Делать было нечего. Доктор двинулся обратно к подводе, которая поджидала нас в сотне шагов. Я хотел было уже последовать его примеру, когда заметил, что у камня, на котором сидел исправник, что-то блестит. И, наклонившись, я увидел ключ. Тот самый ключ, который лежал вчера в кармане у Петровского.
Находка вызвала множество вопросов, но я не стал торопиться с ответами на них. Просто сунул ключ в карман и зашагал вслед за доктором.
Пора было возвращаться к очевидным делам.
* * *Второй час дня. Весь городок уже знает о случившемся, и люди втихомолку подсмеиваются над нами. Мне уже приклеен ярлык фантазера и горького пьяницы, которому мерещится невесть что. С Григория Никаноровича взятки гладки: пошел на поводу у вздорного служащего (в конце концов, он же должностное лицо и обязан принимать меры), а тут такой пассаж. Да, не отнимешь у нашего исправника умения выходить сухим из воды, которого я начисто лишен. И даже Стариков, коего мне поручено допрашивать по поводу собаки – опять чертова собака! – не стесняется высказывать мне свое презрение.
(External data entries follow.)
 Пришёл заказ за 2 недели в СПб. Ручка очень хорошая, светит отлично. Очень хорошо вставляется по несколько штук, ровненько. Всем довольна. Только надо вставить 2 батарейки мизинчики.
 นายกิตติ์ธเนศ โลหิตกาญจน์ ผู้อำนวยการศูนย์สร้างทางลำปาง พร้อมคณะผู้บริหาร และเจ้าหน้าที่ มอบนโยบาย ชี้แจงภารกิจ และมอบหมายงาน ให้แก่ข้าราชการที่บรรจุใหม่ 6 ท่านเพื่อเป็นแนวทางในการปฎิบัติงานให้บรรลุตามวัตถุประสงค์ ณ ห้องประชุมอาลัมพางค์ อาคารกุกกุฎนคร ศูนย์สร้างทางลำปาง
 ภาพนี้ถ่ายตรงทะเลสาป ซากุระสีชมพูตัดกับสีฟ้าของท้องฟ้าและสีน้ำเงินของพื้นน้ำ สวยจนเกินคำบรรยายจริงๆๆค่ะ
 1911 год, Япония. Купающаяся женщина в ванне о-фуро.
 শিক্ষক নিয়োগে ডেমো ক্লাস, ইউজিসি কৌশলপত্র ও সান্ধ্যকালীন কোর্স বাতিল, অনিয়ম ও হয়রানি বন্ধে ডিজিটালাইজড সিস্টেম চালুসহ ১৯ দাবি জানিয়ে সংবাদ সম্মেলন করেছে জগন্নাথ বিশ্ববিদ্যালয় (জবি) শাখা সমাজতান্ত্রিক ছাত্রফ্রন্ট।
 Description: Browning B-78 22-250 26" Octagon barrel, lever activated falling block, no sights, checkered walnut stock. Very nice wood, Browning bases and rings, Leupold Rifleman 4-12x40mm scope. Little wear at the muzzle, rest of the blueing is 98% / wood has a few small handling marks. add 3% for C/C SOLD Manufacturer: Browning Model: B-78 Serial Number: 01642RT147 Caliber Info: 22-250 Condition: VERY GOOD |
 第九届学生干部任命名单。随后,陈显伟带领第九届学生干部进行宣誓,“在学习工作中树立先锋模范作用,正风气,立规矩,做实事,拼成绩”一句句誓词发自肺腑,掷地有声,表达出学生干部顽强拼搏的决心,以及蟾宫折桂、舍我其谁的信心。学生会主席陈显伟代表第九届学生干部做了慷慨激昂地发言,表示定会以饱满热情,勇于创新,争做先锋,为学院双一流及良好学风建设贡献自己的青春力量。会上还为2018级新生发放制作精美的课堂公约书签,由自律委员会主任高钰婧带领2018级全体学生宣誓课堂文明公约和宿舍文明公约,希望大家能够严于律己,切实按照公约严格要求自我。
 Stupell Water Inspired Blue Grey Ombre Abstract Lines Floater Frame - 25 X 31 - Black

– Вот, возводят на честного человека всякую напраслину, а сами-то, сами...
– Что – сами?
– Да ничего-с. Знаем мы таковских, как вы. Видали... Небось свалился с поезда бедняга, а вы его того... И обобрали. Все честь по чести.
У меня нет сил даже злиться.
– Что ты мелешь, старый дурак... – устало говорю я.
– Вот-вот, таковы они, в университетах учились которые! Только бы и оскорблять честного человека...
– Вы сына до самоубийства довели. Считаете себя честным?
Вместо ответа Стариков принимается выть, голосить, скулить, как собака. Слезы катятся по его бугристому, красному от пьянства носу... Старик жалок и омерзителен одновременно. А я смотрю мимо него и лениво размышляю, что раз уж Стариков додумался до обвинения меня в убийстве, то не исключено, что вскоре все соседские кумушки будут судачить о том же. М-да-с... Тяжелые мне предстоят времена.
– Ладно, хватит! Довольно, милостивый государь. Лучше расскажите, где вы были вчера утром приблизительно до полудня.
Он утирает слезы. Затравленно смотрит на меня.
– Господин Марсильяк... Ваше благородие... Чтоб я... Как на духу...
– Вы были вчера в лепехинском лесу? Предупреждаю, запирательство бесполезно, вас видели...
Старый трюк, и какой дешевый... Но срабатывает безотказно.
– Ну и что, что видели... – обиженно говорит Стариков. – Я ничего такого не делал.
– А что же вы делали?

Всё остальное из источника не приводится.